Конечно, все это не означает, что ничего не надо делать: и структурная, и технологическая модернизации энергетики и экономики в целом необходимы. Но для нас гораздо важнее в обозримой перспективе инвестировать в модернизацию той углеводородной энергетики, которая есть и составляет основу электро- и особенно теплообеспечения, используя для ее экологизации и снижения выбросов парниковых газов технологии и финансовые инструменты, предусмотренные ФЗ «О наилучших доступных технологиях» и реализующими его постановлениями и распоряжениями правительства России. В том числе специальные облигации («зеленые сертификаты»), позволяющие компенсировать издержки инвесторов этих мероприятий. Таким образом, можно получить по-настоящему современную энергетику, прежде всего ТЭС, с совершенно другими технологическими и, главное, экологическими характеристиками.
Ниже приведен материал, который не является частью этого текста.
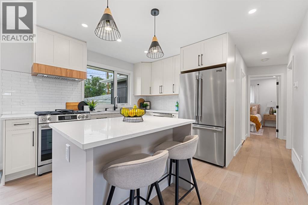 Welcome to your DREAM HOME in Acadia! This stunning bungalow boasts over 2279 square feet of living space has been stripped down to the studs and completely rebuilt with precision, care, and style. Every detail is brand new and never lived in, offering the best of inner city living combined with high-end finishes. Best part - you’ll find a brand-new 2 bedroom legal suite in the basement, complete with its own heating system, soundproofing, and a full custom kitchen. Perfect for hosting guests, extended family living or generating additional income. The curb appeal is undeniable. With all new Hardie siding, fresh parging, new roof, windows, exterior doors, and immaculate landscaping with concrete walkways, new stairs, fresh sod, and sleek fencing. You’ll love relaxing on either of the two new decks, one in front for morning coffee and one in the back for evening gatherings. Step inside and be wowed by the open, airy layout that’s both functional and beautiful. The custom kitchen is the heart of the home, with a built-in bench dining area, high-end finishes, and thoughtful design for everyday living and entertaining. The living room space feature’s a stunning Napoleon fireplace making it warm and inviting year-round. The primary bedroom boasts a 150 sq ft addition featuring a huge walk-in closet and a luxurious Spa-like ensuite complete with freestanding tub, double vanity and a Steam shower. Another 2 larger bedrooms and full bathroom complete the main level. And in the hallway you’ll find separate laundry and a main floor bathroom featuring stylish fixtures and quality craftsmanship. Heading downstairs you have a completely separate entrance to the suite for added privacy. The finishing is just as nice as the main floor, with a custom kitchen space, separate laundry and another Napoleon fireplace. Additional large windows add an abundance of natural light to the space. Completed with another two bedrooms, full bathroom and office nook, you’ll be impressed. This home has been completely transformed and offers excellent efficiency with upgraded R-50 attic insulation, a new high-efficiency hot water tank, new AC, new HRV, 200-amp electrical service with a brand-new panel, and all-new PEX plumbing throughout. The oversized garage is a standout, with two windows, a new concrete floor, insulation, drywall, fresh paint, and a gas line for a heater. Beside the garage is a new concrete parking pad with RV gate for storing your toys. As well, no neighbours directly behind you gives you extra privacy! Nestled in one of Calgary’s most high demand neighbourhoods, where you’re close to parks, schools, shopping, and transit, with easy access to major routes. This rebuild offers the peace of mind and style you’ve been searching for. Everything is new. Everything is ready. All that’s missing is you! (id:6769)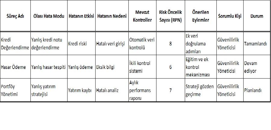 Bir bankanın kredi riskini yönetmek için FMEA’yı kullanması, sürecin daha güvenli ve verimli hale getirilmesine katkı sağlar. Banka, kredi başvurusu sürecindeki olası hata modlarını (örneğin, yanlış kredi notu değerlendirmesi) belirler ve bu hataların nedenlerini analiz eder. FMEA kullanılarak, kredi değerlendirme süreçleri sürekli olarak izlenir ve iyileştirilir. Bu, kredi riskinin minimize edilmesini ve müşteri memnuniyetinin artırılmasını sağlar. Bugün bankalar artık risk yöneticisi arıyorlar. Keşke riskleri yönetebilen, güvenilirlik mühendisleri yetiştirseydik diyeceğiniz noktaya sadece bir adım kaldı.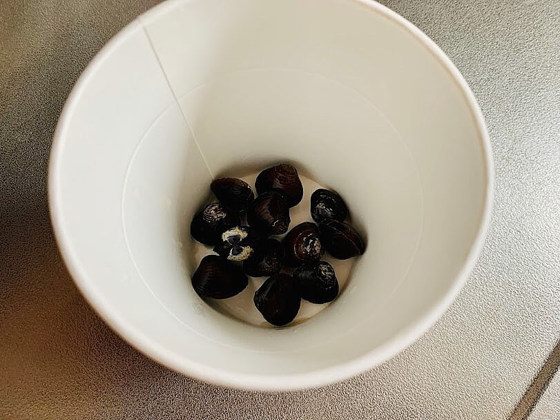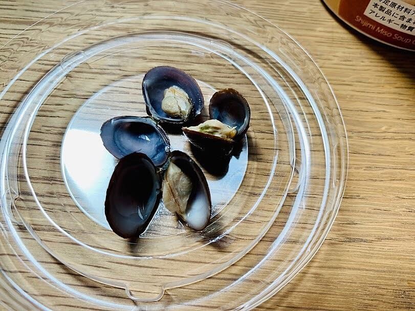 最初は閉じていたしじみが、お湯を入れることにより開きます!わくわく……。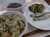 ☆献立☆ 五目ごはん 牛乳 焼きししゃも おひたし あん餅 ☆食材☆ 鶏肉・・...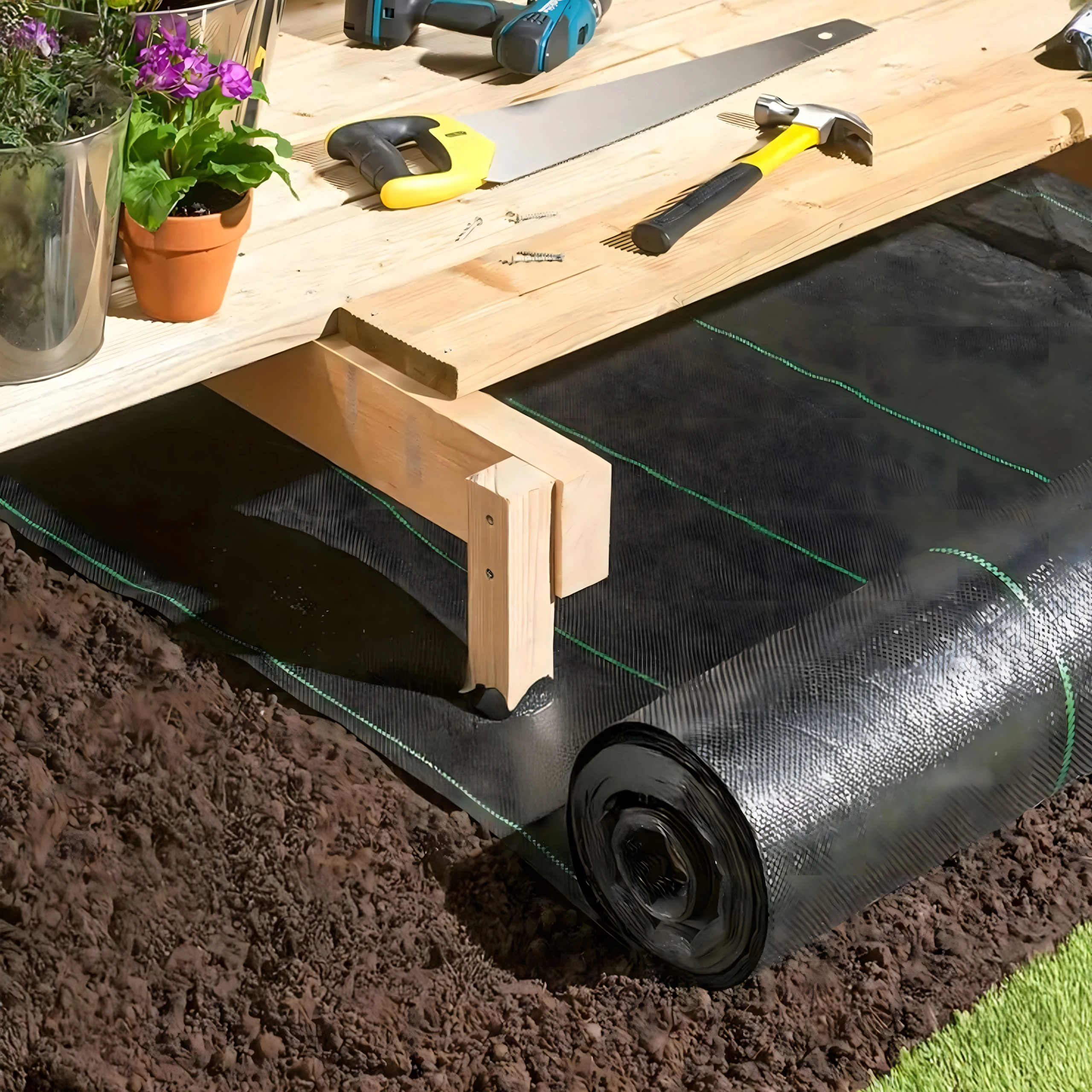 Vzdržljiva vrtna tkanina je odlična izbira za okrasne in zelenjavne grede, rastlinjake, potke ter pod tlakovce. Ustvari učinkovito pregrado proti plevelu, izboljša zadrževanje vlage in ohranja zemljo zračno. Praktične zelene vodilne črte olajšajo ravno rezanje in sajenje v vrstah.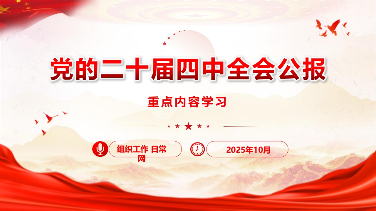 党的二十届四中全会公报重点内容学习★★★★★组织工作日常2025年10月网中国共产党第二十届中央委员会第四次全体会议公报会期2025年10月20日至23日地点北京全会听取和讨论了习近平受中央政治局委托所作的工作报告,审议通过了《中共中央关于制定国民经济和社会发展第十五个五年规划的建议》。习近平就《建议(讨论稿)》向全会作了说明。二十届四中全会Communist Party of China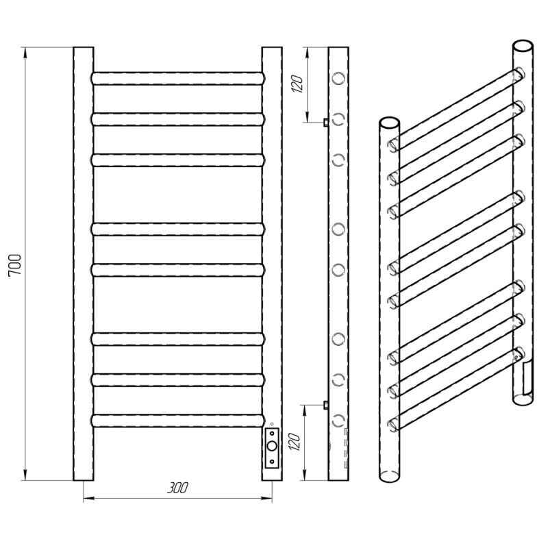 Полотенцесушитель электрический Laris Лаванда ЧК П8 300х700 R 73207621 Белый муарЭлектрический ПС изготовлен из конструкционной стали с толщиной стенки 1,5 мм для обеспечения оптимальной температуры нагрева изделия. Внутри установлен сухой ТЭН который обеспечивает экономию энергии,увеличивает срок службы изделия (по сравнению с изделиями с жидкостным теплоносителем). ТЭН имеет 3 степени защиты-от пыли,влаги, перегрева -100 процентная безопасность при эксплуатации! Гарантия 5 лет на изделие и лакокрасочное покрытие. Краска порошковая белая - матовая (муар) RAL 9016 с фосфотирующей основой. Терморегулятор кнопочный на стойке с функцией таймера. Температура нагрева поверхности изделия 50-55C. Для скрытого подключения изделие укомплектовано модулем скрытого подключения. Изделия торговой марки Laris имеют высокий уровень эксплуатационной надежности, обладают хорошей функциональностью при использовании. ТМ Laris - Репутация Комфорта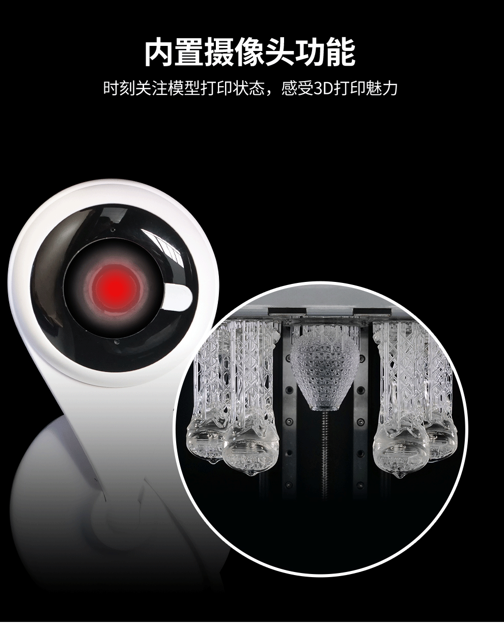 JG-L5 Pro 采用10.1寸6K透光固化屏,理論精度可高達0.045mm;增加打印、清洗、固化 三合一功能,內置攝像監控;對斷料檢測傳感器模塊做了升級,以及缺料會自動提示加料。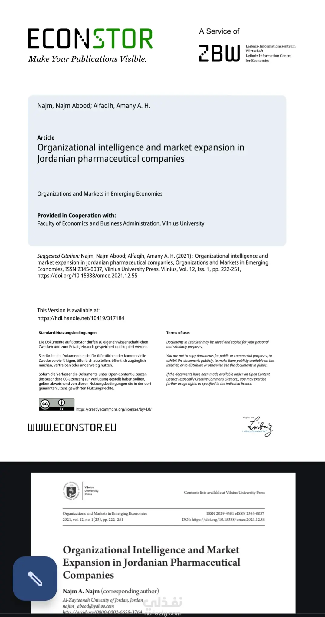 رسالة ماجستير بتخصص إدارة الأعمال MBA، بعنوان The impact of organizational intelligence on market expansion . نشر بحث علمي بعنوان Organizational Intelligence and Market Expansion in Jordanian Pharmaceutical Companies

Пока же эти станции намного уступают зарубежным, в том числе китайским, аналогам по КПД, КИУМ, зольности отвалов. Например, только 2% отвалов составляет сухая зола (за рубежом — в десятки раз больше), которая является ходовым товаром и используется в изготовлении бетоносмесей.
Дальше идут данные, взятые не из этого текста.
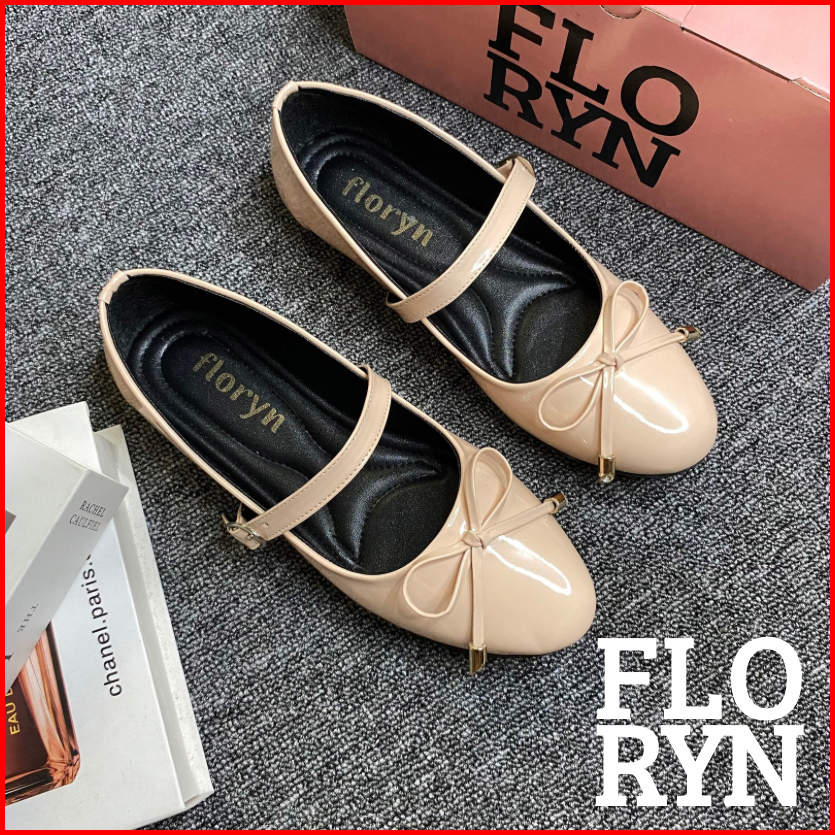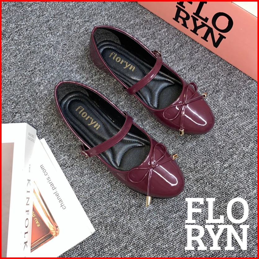 Floryn Shoes - Flatshoes Anna Burgundy Ballerina Premium Wanita Tali Pita Datar Basic Simpel Casual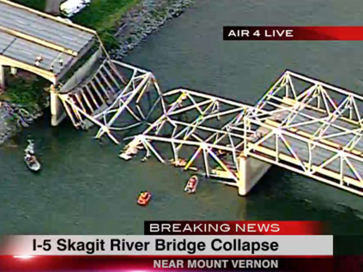 23 de maio - Socorristas resgatam mulher de um dos carros que caiu na água. Algumas testemunhas que presenciaram a queda da ponte sobre o rio asseguraram à emissora local KIRO7 que um caminhão de grande tonelagem se chocou contra com um dos pilares laterais da estrutura, o que poderia ter causado a ruptura da mesma e, posteriormente, sua queda
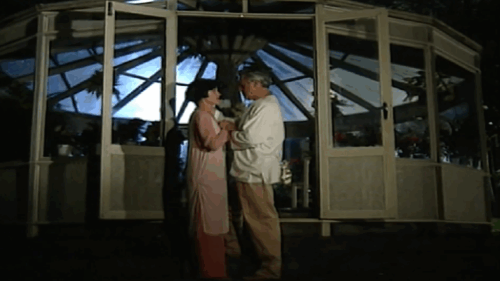 Diná e Otávio conversam em frente a estufa iluminada à noite em cena A Viagem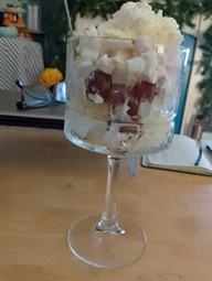 Mine comprises: ice cream, clotted cream, mini marshmallows, merangues, banana, grapes, squirty cream, dessicated coconut. For Easter, Illl add chocolate sauce & forest fruit coolis.

Сказанное ранее в более широком плане означает одно: Россия должна принимать самостоятельные решения и следовать своим национальным интересам, как это делают другие страны — США и Франция, сохраняющие высокую долю АЭС в электрогенерации; те же США, а также Германия — еще и основной вклад в ее производство углеводородных (газовых и угольных) ТЭС. Продвигая экологизацию энергетики, способствуя снижению выбросов парниковых газов, немецкие промышленники и экономический блок правительства тем не менее ведут острые и продуктивные дискуссии о проблеме темпов реализации этих трендов с правительством страны, в которых важную роль играют «зеленые», не без успеха стремящиеся всеми силами подстегнуть декарбонизацию энергетики и экономики в целом. В 2019 году, выступая на российско-германском сырьевом форуме в Потсдаме, министр экономики и энергетики Германии П. Альтмайер подчеркнул, что Германии нужна «разумная декарбонизация» энергетики, осуществляемая постепенно, расчетливо, чтобы не наносить ущерб экономическому росту и не перекладывать все издержки на население. Представляется, что такой же подход был бы более чем уместен в отношении России. В связи с этим вспоминаются слова великого русского историка В.О. Ключевского о том, что западный ум был дан нам, чтобы помочь нам развиваться, а не пытаться заместить им свой ум. Написано в конце XIX века, но в наши дни, по-моему, эти слова еще актуальнее.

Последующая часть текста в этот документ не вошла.